** Opening SUPPLIED INFORMATION block **

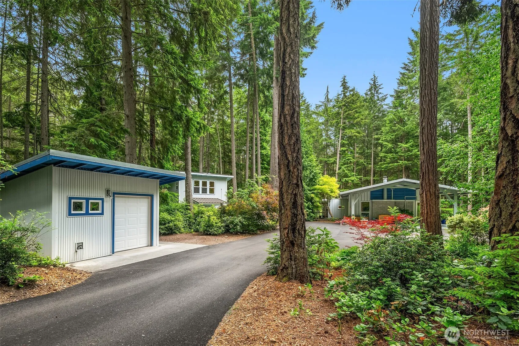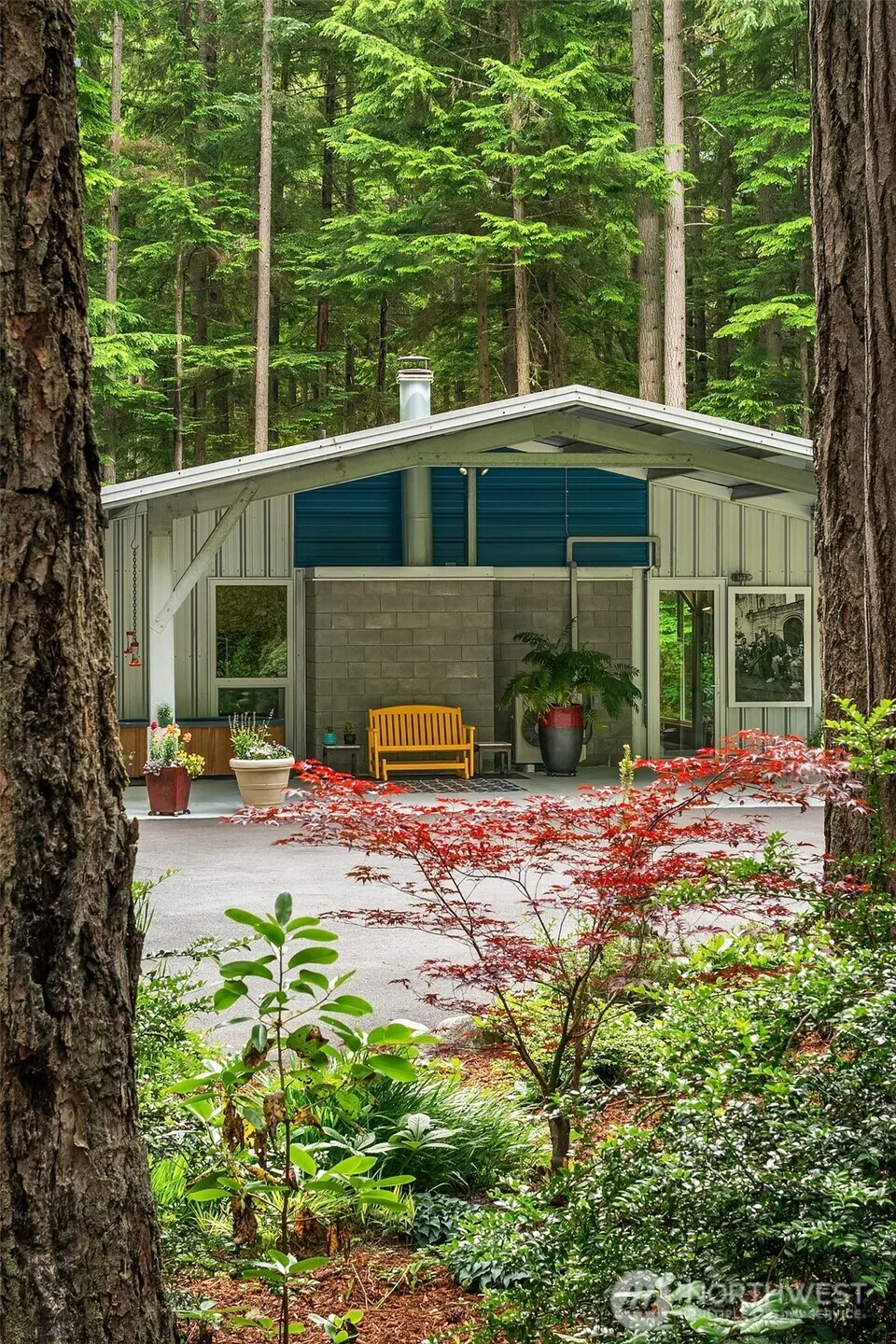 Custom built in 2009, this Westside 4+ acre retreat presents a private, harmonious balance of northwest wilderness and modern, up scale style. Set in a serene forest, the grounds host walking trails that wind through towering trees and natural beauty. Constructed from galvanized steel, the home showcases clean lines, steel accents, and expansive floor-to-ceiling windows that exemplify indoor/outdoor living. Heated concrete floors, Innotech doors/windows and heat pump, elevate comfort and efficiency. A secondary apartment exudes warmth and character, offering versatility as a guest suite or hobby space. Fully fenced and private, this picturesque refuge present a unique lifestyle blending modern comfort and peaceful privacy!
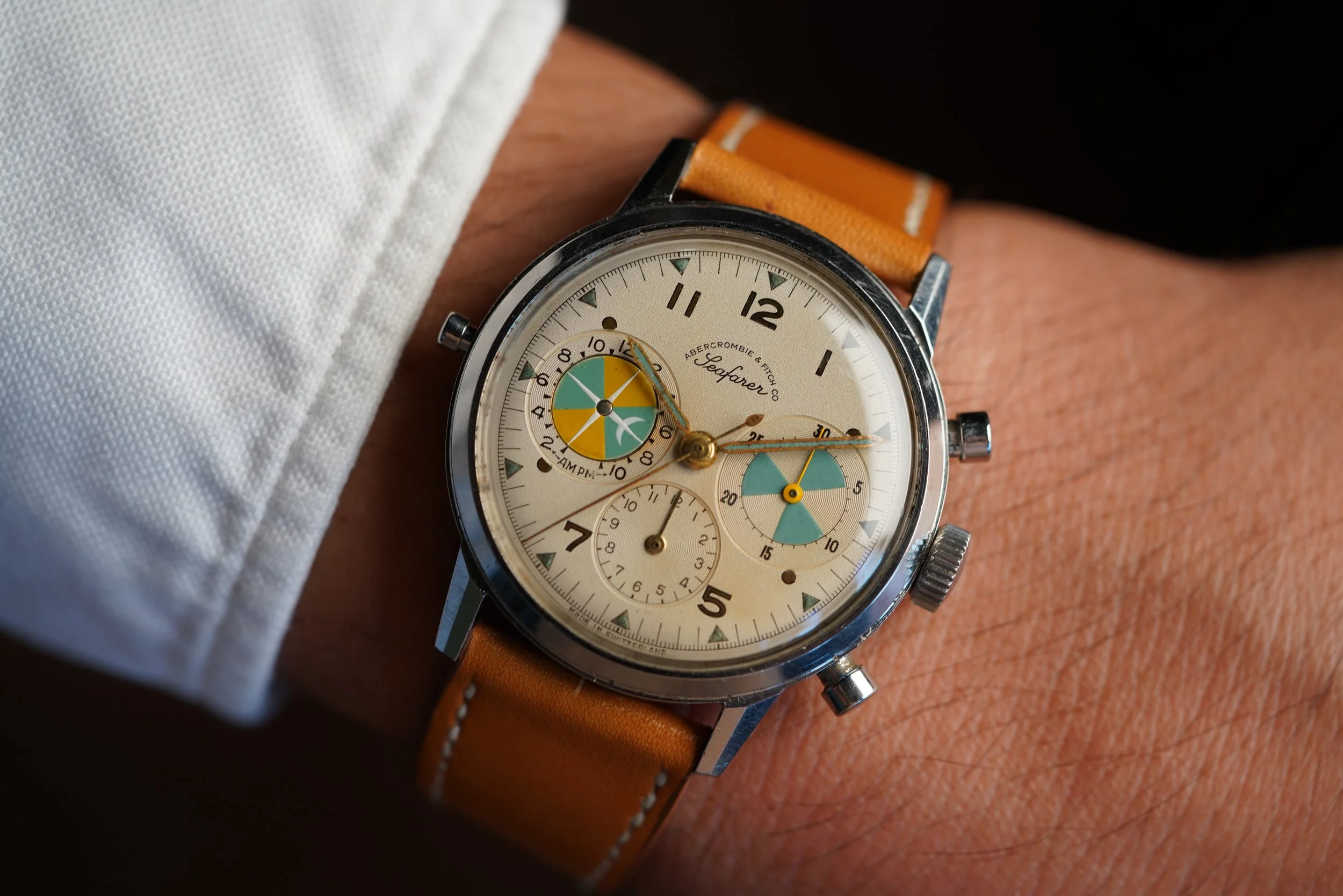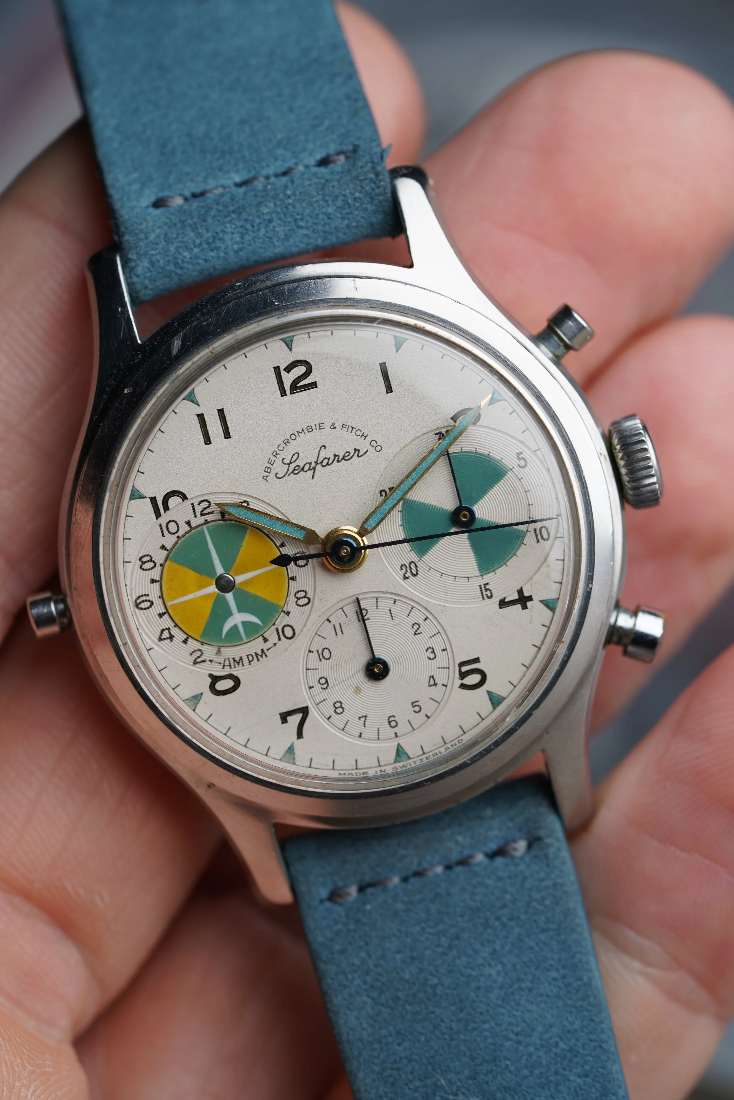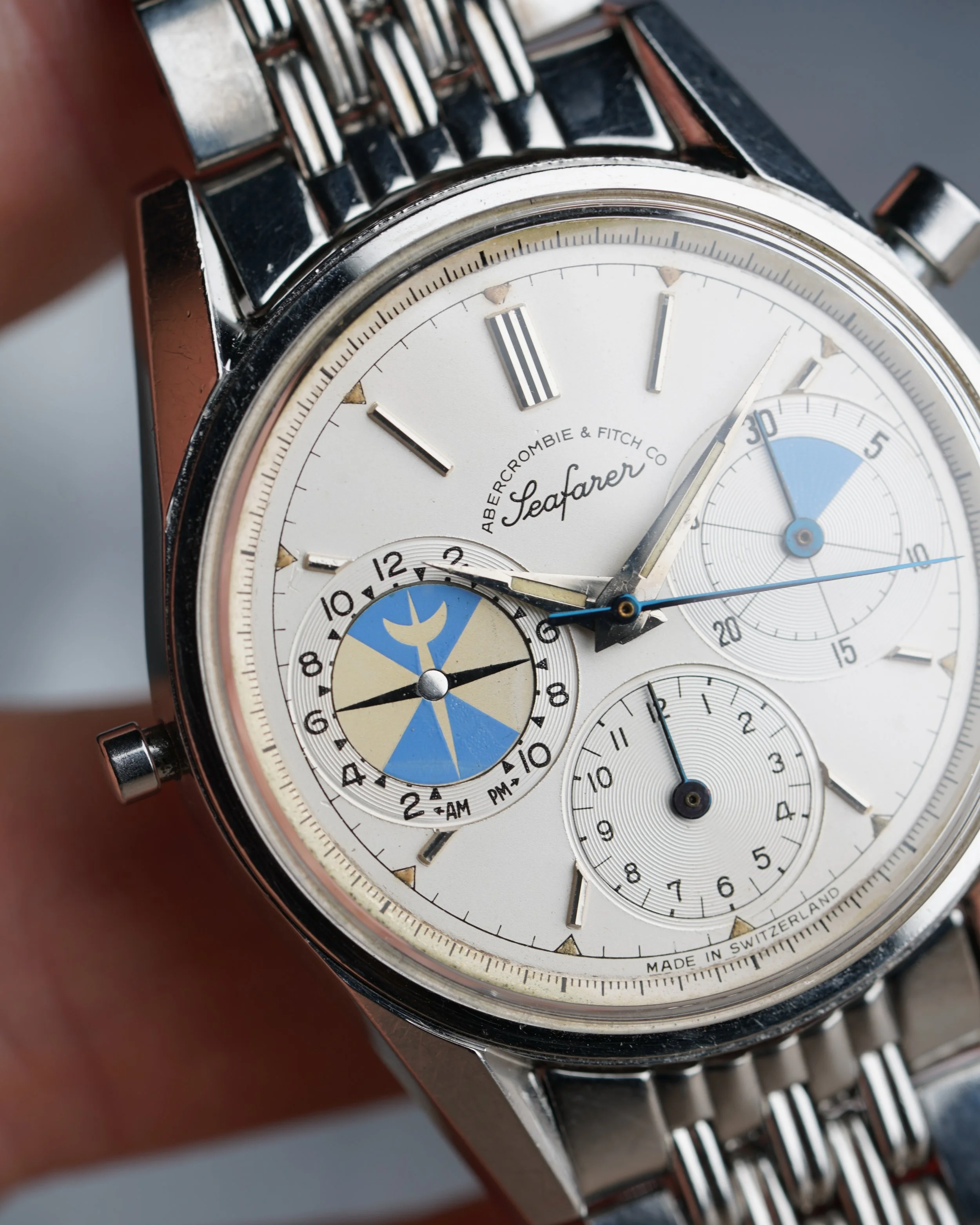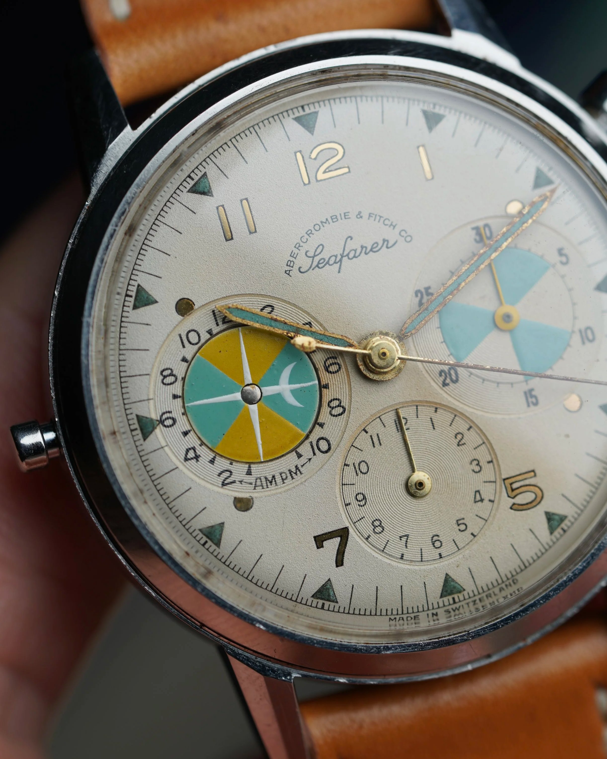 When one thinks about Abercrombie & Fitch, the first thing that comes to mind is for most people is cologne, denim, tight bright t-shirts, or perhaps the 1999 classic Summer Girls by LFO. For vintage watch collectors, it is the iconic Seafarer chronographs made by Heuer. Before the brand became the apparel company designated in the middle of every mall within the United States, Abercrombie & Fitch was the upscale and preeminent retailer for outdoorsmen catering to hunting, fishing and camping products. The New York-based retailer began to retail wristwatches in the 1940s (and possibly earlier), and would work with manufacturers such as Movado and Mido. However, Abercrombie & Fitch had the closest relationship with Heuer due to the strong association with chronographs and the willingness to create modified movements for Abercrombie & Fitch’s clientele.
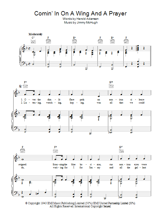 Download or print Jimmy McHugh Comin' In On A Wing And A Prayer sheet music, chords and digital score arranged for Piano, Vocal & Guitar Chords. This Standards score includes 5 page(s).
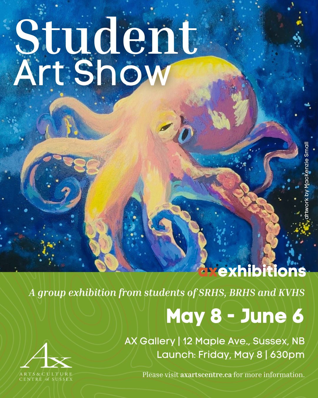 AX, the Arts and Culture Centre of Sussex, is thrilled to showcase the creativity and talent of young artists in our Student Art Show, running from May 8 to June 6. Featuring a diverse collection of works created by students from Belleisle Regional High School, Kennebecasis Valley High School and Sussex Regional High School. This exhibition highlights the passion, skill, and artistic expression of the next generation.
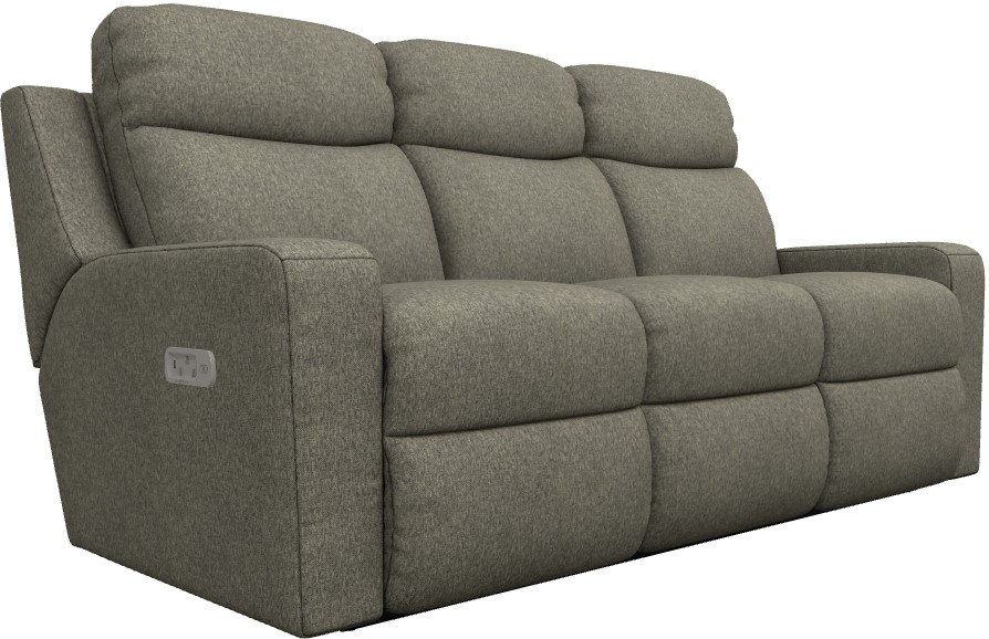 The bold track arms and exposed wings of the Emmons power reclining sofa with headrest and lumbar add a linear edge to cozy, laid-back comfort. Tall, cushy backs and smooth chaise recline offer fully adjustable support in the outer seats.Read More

** Closing SUPPLIED INFORMATION block **

Going by the data above, give back only the lines from the one containing "Download or print" through the one containing "AX, the Arts", exactly as they stand, both ends included and no images.

 Download or print Jimmy McHugh Comin' In On A Wing And A Prayer sheet music, chords and digital score arranged for Piano, Vocal & Guitar Chords. This Standards score includes 5 page(s).
 AX, the Arts and Culture Centre of Sussex, is thrilled to showcase the creativity and talent of young artists in our Student Art Show, running from May 8 to June 6. Featuring a diverse collection of works created by students from Belleisle Regional High School, Kennebecasis Valley High School and Sussex Regional High School. This exhibition highlights the passion, skill, and artistic expression of the next generation.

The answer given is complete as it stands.